CONSCIENCE-SHOCKING! Filled with fear and despair, people fled the vicinity of the World Trade Center after the 9/11 attacks. Over subsequent days, much attention focused on celebrating the workers who worked long shifts to search for survivors, put out the fires, and clear out the wreckage. Lip service was paid to advising those workers to wear protective masks, but it was asking a lot of them to do so on those long rotations...and I believe they kept up the feverish pitch of their work without wearing the proper protective devices.
Meanwhile, the Bush administration's Christine Whitman and her EPA issued statements assuring residents that the environment was safe. Eventually, those claims were found to be unsubstantiated. For weeks, months, and then years, area residents didn't know what to do; should they, for example, seal off their apartments and offices or air them out? Some programs were established to test or clean ofices and apartments, but those programs were not thoroughgoing.
In 2004, residents, students, and workers in lower Manhattan brought a class-action suit against Whitman and the EPA for endangering their health by their actions and statements soon after the attack.

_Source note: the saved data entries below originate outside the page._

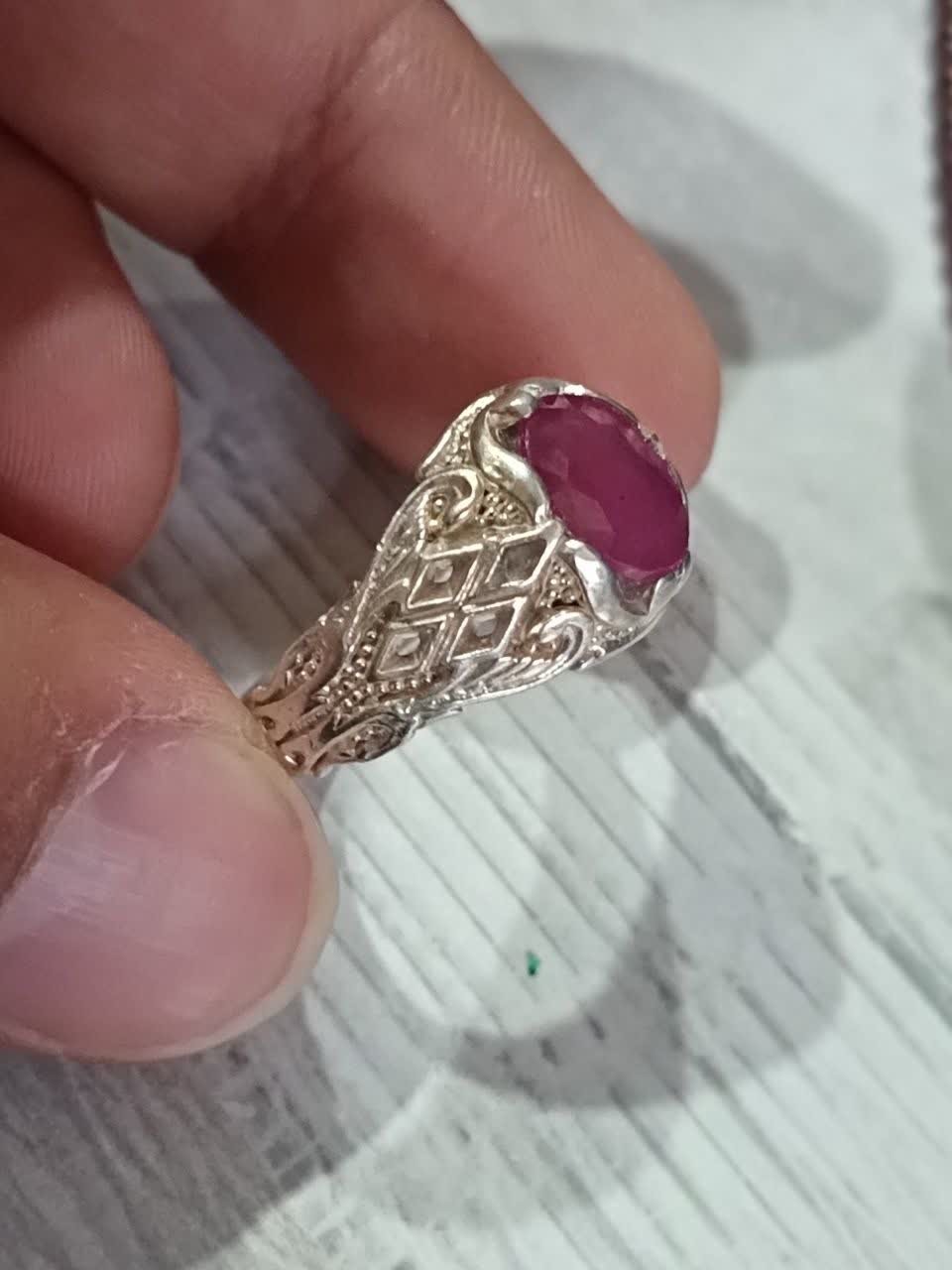 انگشتر نقره یاقوت صورتی
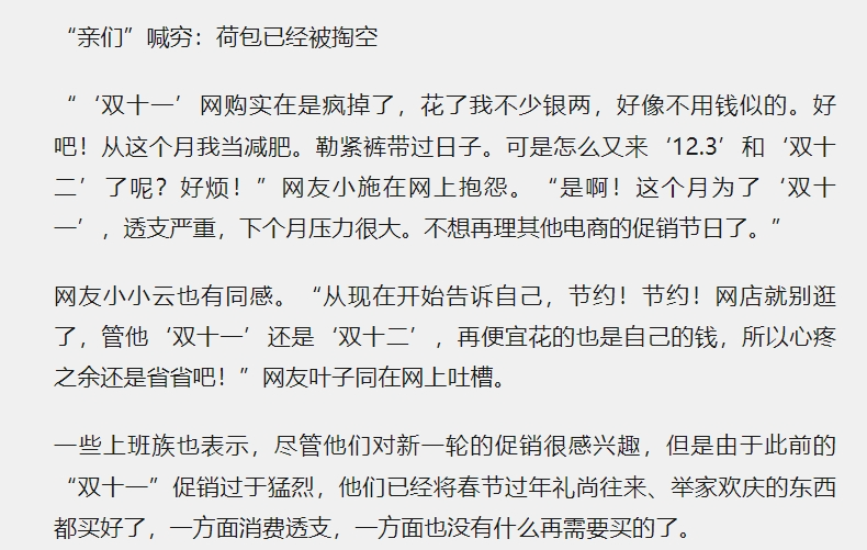 以今年为例,双11结束后,各大社交平台上,与双12相关的话题少之又少,大家对双12的议论甚至吐槽都鲜少见诸报端。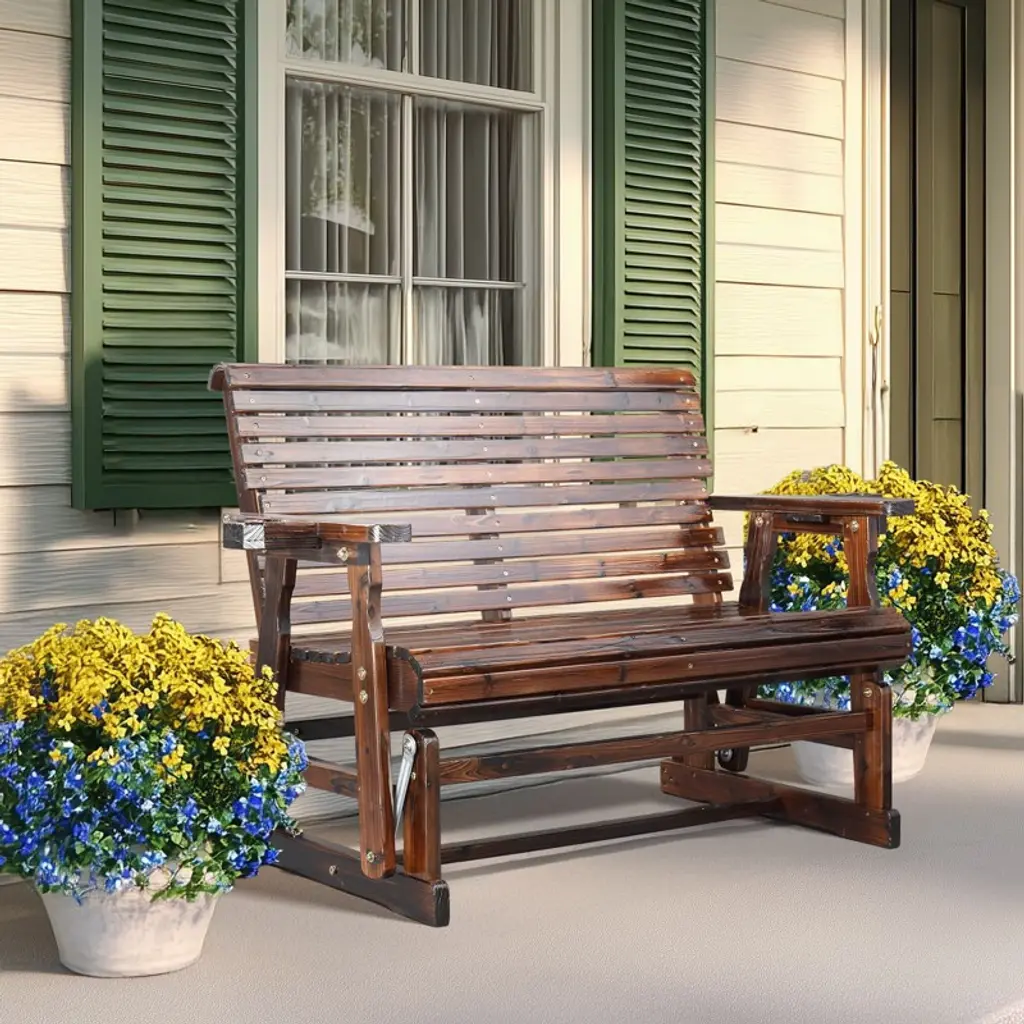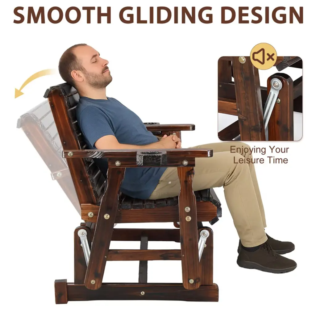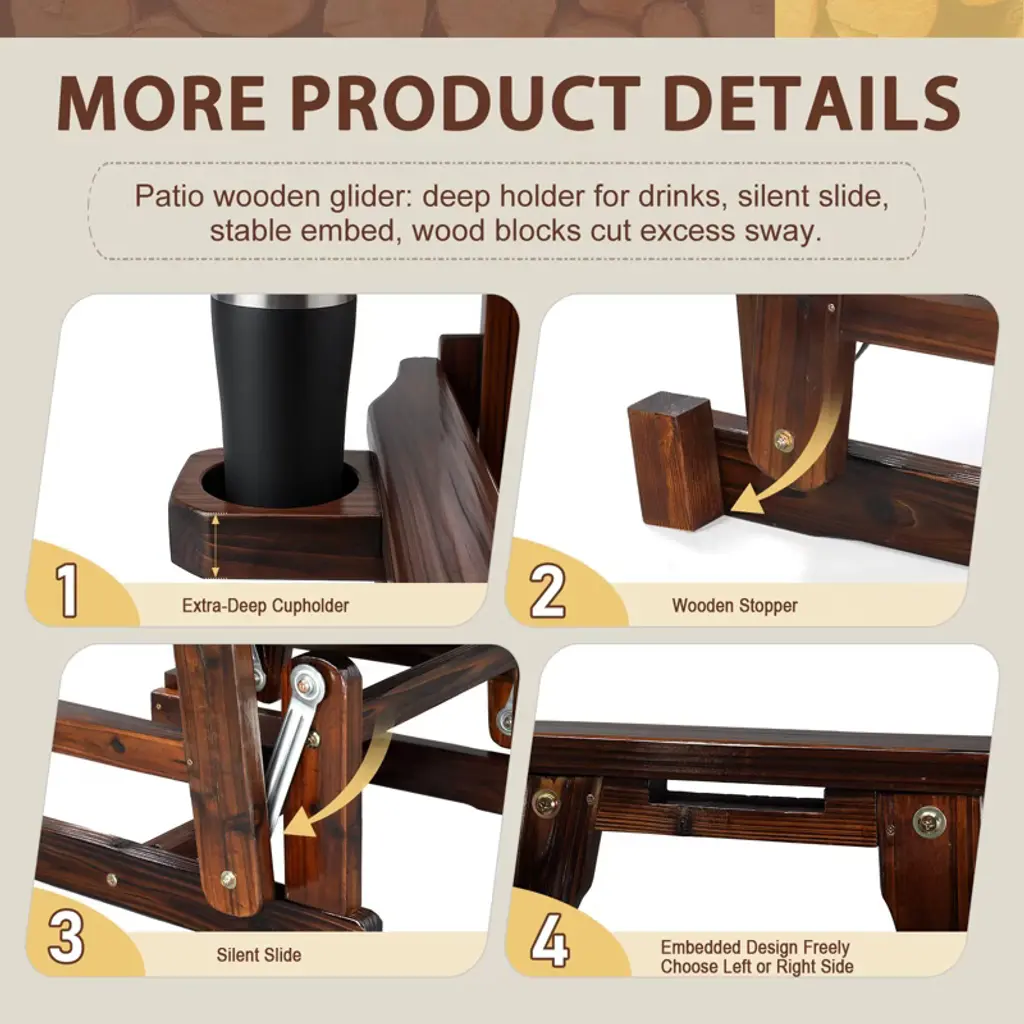 Elevate your outdoor leisure with this elegantly crafted glider bench, designed to blend seamless comfort with timeless style. Perfect for patios, porches, or gardens, this 2-seater glider offers a gentle, soothing rocking motion that invites relaxation under the sun or stars. Constructed from durable fir wood with a rich teak finish, it combines sturdy craftsmanship with a weight capacity of 801 lbs, ensuring long-lasting use for you and a companion. The ergonomic design features an extended backrest, spacious seat, and a built-in cup holder, making it the ultimate spot to unwind with a refreshing drink while soaking in nature’s tranquility.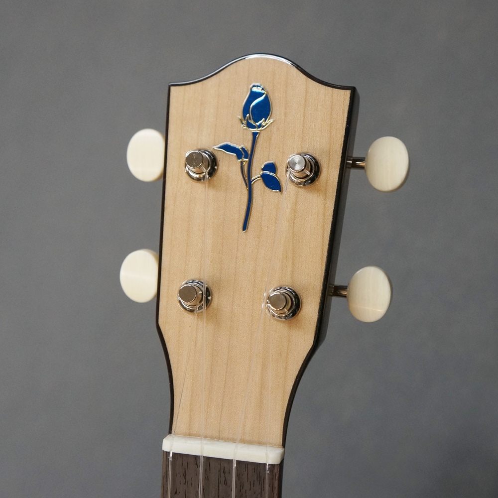 ヘッドストックのインレイである青いバラは「新しいことへの挑戦」、咲き始めの蕾は「夢を描き追い続けること」を意味し、フジゲンの技術力とスタッフの感性を融合させた楽器作りに励むべく発足しました。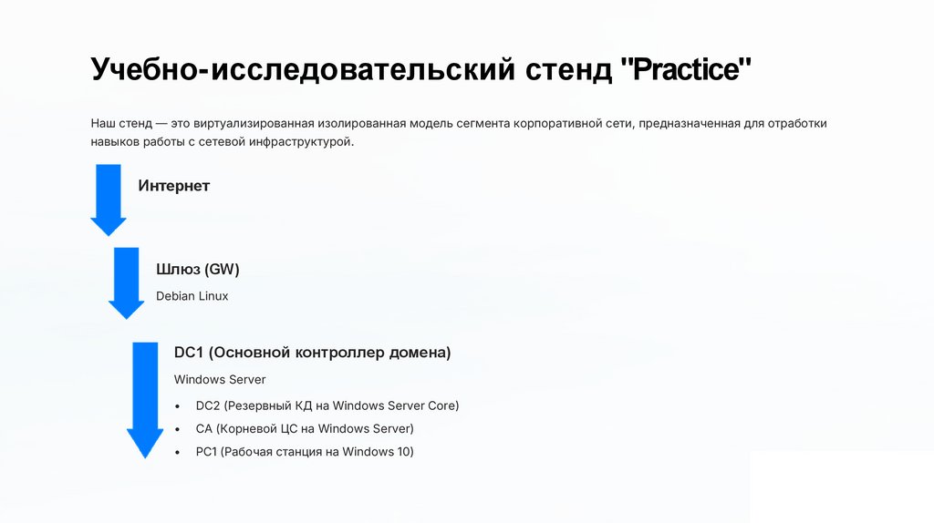 Учебно-исследовательский стенд "Practice"Наш стенд — это виртуализированная изолированная модель сегмента корпоративной сети, предназначенная для отработки

Yesterday, U.S. District Judge Deborah A. Batts declined to grant Whitman immunity in the case. She called Whitman's post-9/11 assurances "conscience-shocking." In her 83-page decision, Judge Batts wrote that "No reasonable person would have thought that telling thousands of people that it was safe to return to lower Manhattan, while knowing that such return could pose long-term health risks and other dire consequences, was conduct sanctioned by our laws."